Rosenbloom honored as League of Women Voters celebrates 80 years

NEW ULM – The New Ulm League of Women Voters celebrated its 80th anniversary Thursday with a reception at the Lind House marked by speeches, a skit illustrating League history, and ceremonies recognizing long-term members and the group.

The event was attended by Minnesota League of Women Voters President Terry Kalil, several elected officials including both an active and a retired judge and city officials, and many members and friends.

In her welcome address, New Ulm League President Ruth Ann Webster recapped that the group exists to encourage educated, well-informed voters.

“As Leaguers, we strive to have well-informed opinions on issues facing out community, our state, and our nation,” said Webster. “Thank you for joining in that mission.”

A group of League members acted out “a historical vignette” illustrating 80 years of history. They used a humorous script to highlight both the chapter’s triumphs and its trials and tribulations.

Webster then led a ceremony in recognition of the longest active member, Janet Rosenbloom.

Describing Rosenbloom as “our mentor, our docent, our leader, our friend,” Webster focused on several efforts Rosenbloom led over the years.

One major local issue in the 1970s was the “sad” state of the “historic” Brown County jail, said Webster. “Janet organized a local League trip to Stillwater prison to learn all about incarceration facilities,” she added.

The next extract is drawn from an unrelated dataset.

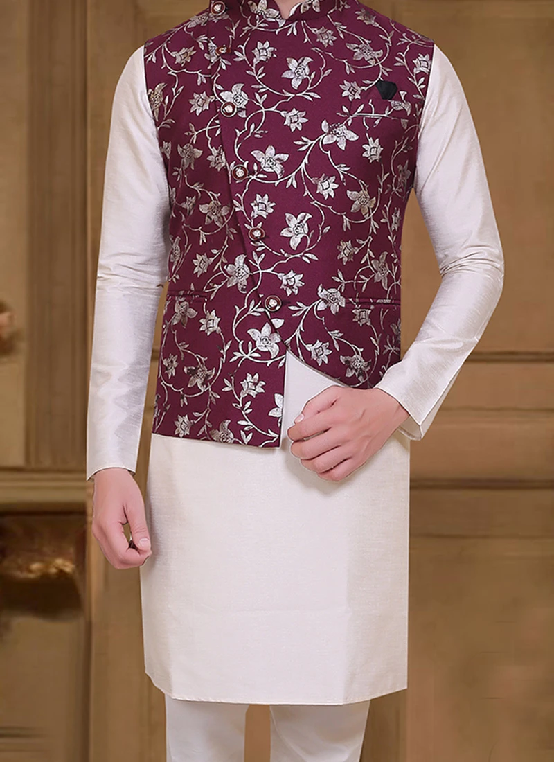 Magnificent deep wine velvet nehru jacket crafted with mandarin collar neck and sleeveless enriched with soild plain work is representing royalty in itself.

“In an unrelated effort, Janet spearheaded the League’s project of taking high school students to the legislative session to see how things got done in the capitol,” said Webster.

“Janet’s passion for politics, for real issues, for serious discussion of important topics remains undimmed,” said Webster. “I have it on the best authority that when the presidential debate conflicted with an episode of Downtown Abbey, Janet watched the debate,” she added.

Kalil concluded the official program with a moving, personal, emotion-tinged speech.

The granddaughter of Syrian immigrants, Kalil connected her personal heritage to pressing current issues that show both “how far we have come, and how far we have to go.”

She addressed what the League sees as erosion of voting rights, through decisions such as Citizens United, redistricting, and other developments. She outlined some of the steps that League members can do to “grow, protect, and empower the vote.”

Kalil then delivered a proclamation by the state League acknowledging the New Ulm chapter’s history and contributions to informed civil discourse.